Surgical review of the anatomical variations of the internal jugular vein: an update for head and neck surgeons

S Mumtaz 1,, M Singh 1
PMCID: PMC6303832  PMID: 30322289

Abstract

Background

The internal jugular vein is one of the major vessels of the neck. The anatomy of this vessel is considered to be relatively stable. It is an important landmark for head and neck surgeons as well as the anaesthetists for both diagnostic and therapeutic purposes.

Methods

We present two case reports of the posterior tributary of the internal jugular vein and review the surgical literature regarding anatomical variations of the vein.

Findings

A total of 1197 patients from 27 published papers were included in this review. Of these patients, 99.6% had neck surgery and the rest were cadaveric dissections. Anatomical variations of the internal jugular vein were found in 2% of the patient cohort (n = 40). The majority of these patients had either bifurcation or fenestration of the vein. The posterior tributary of the internal jugular vein is unusual and is scarcely reported in the literature (three cases).
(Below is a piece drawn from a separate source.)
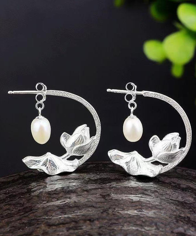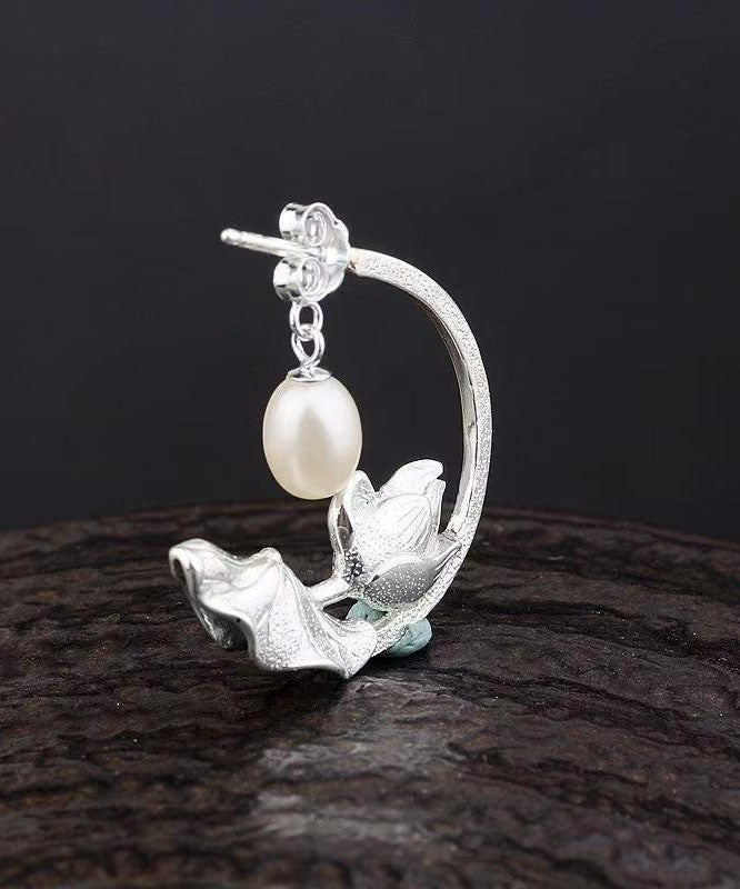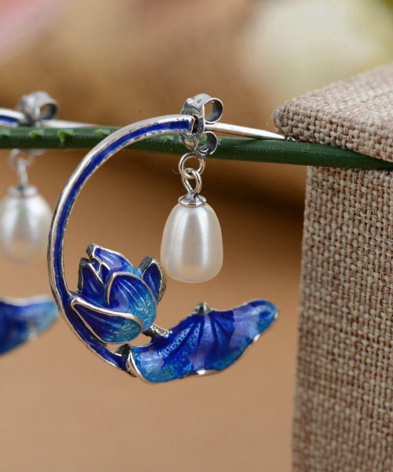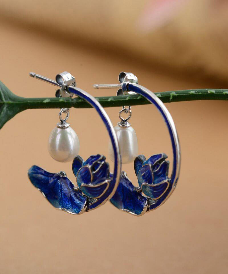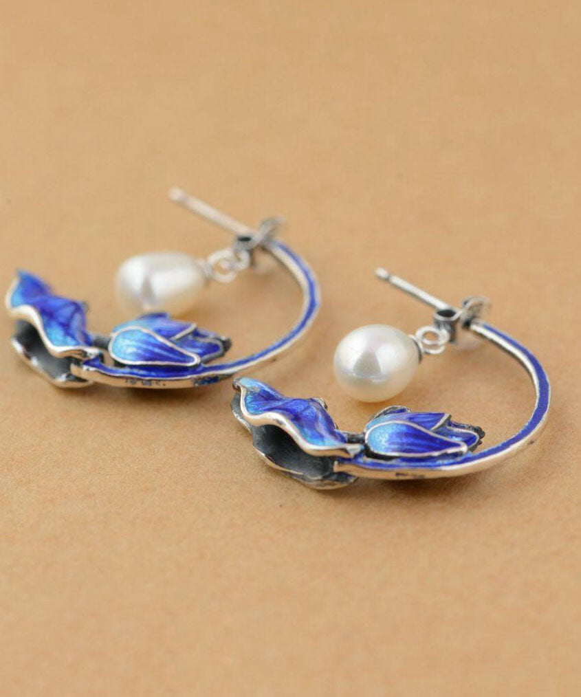 Women Blue Sterling Silver Cloisonne Inlaid Pearl Lotus Hoop Earrings

Knowledge of variations in the anatomy of the internal jugular vein assists surgeons in avoiding complications during neck surgery and preventing morbidity. Two rare cases of posterior branching of the internal jugular vein and experience of other surgeons are demonstrated in this extensive review.

Keywords: surgical variations, Internal Jugular Vein, Anatomical variations

Introduction

The vasculature of the head and neck is complex. A number of blood vessels traverse this region, which supply important and vital structures. Knowledge of the anatomy of the neck is particularly relevant to head and neck oncology and reconstructive surgeons and trainees, together with anaesthetists and intensivists.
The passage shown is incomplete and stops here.